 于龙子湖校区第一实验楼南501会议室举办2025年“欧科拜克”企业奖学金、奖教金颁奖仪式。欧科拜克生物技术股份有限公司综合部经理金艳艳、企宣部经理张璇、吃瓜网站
---*---
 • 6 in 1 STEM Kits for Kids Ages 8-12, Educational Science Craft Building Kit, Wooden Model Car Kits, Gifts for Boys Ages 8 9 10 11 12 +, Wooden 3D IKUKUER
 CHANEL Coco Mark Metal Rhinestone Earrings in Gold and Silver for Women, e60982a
---*---
In the records above, find the line with "Wooden 3D IKUKUER"; write out exactly that line and each one after it, stopping after the line with "CHANEL Coco Mark".

## Response
 • 6 in 1 STEM Kits for Kids Ages 8-12, Educational Science Craft Building Kit, Wooden Model Car Kits, Gifts for Boys Ages 8 9 10 11 12 +, Wooden 3D IKUKUER
 CHANEL Coco Mark Metal Rhinestone Earrings in Gold and Silver for Women, e60982a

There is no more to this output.